Installation¶
Prequisites¶
- Python >= 3.10 (3.12, recommended)
- PyTorch >= 2.7.1 (2.11.0, recommended)
- CUDA >= 12.6 (>= 13.0, recommended) for Nvidia GPU
- Diffusers >= 0.36.0 (>= 0.37.0, recommended)
- TorchAo >= 0.15.0 (>= 0.17.0, recommended)
Installation with Nvidia GPU¶
Firstly, install the required dependencies, including PyTorch, Diffusers, and TorchAo. We recommend installing the latest versions for better compatibility and performance.

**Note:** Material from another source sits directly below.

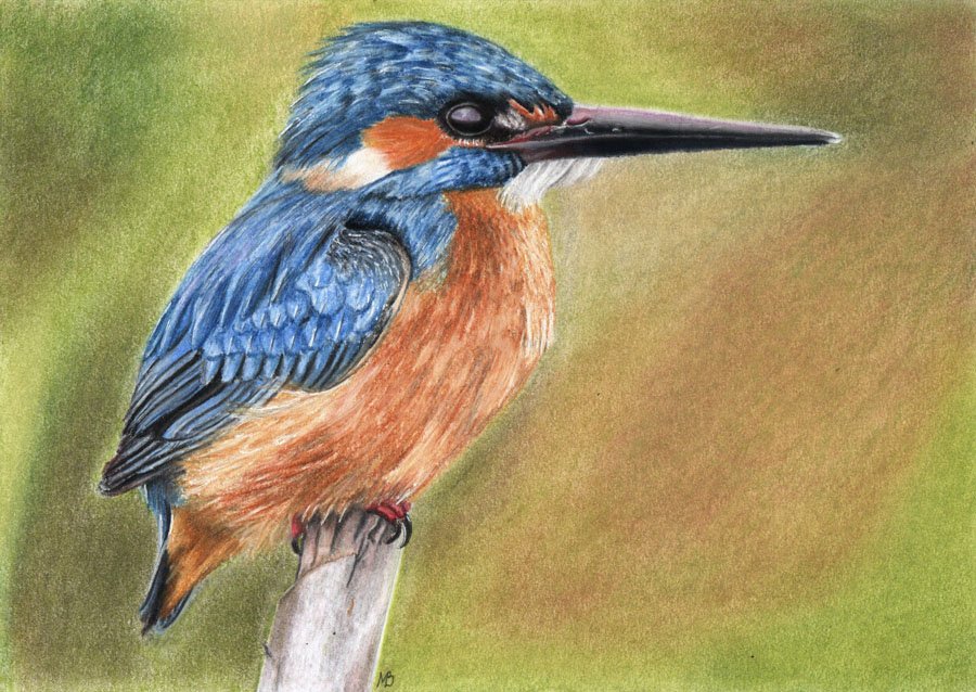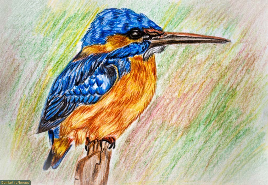 Зимородок пастелью

pip install -U uv # use uv for faster installation
uv pip install torch==2.11.0 torchvision torchaudio triton \
transformers diffusers accelerate torchao opencv-python-headless \
einops imageio-ffmpeg ftfy numpy
Then, you can install Cache-DiT from PyPI:
uv pip install -U cache-dit # PyPI, stable release.
uv pip install git+https://github.com/vipshop/cache-dit.git # latest
Or, install Cache-DiT with SVDQuant support (Experimental):
# Required: CUDA 13.0+, PyTorch 2.11+, Ubuntu 22.04+ (GLIBC 2.32+).
uv pip install -U cache-dit-cu13 # PyPI, stable release with SVDQ.
# Optional: just build Cache-DiT with SVDQuant support from source.
git clone https://github.com/vipshop/cache-dit.git && cd cache-dit
git submodule update --init --recursive --force # init submodules
CACHE_DIT_BUILD_SVDQUANT=1 MAX_JOBS=32 uv pip install -e ".[quantization]"
Installation with Ascend NPU¶
Please refer to Ascend NPU Support documentation for more details.
Installation with AMD GPU¶
Please refer to AMD GPU Support documentation for more details.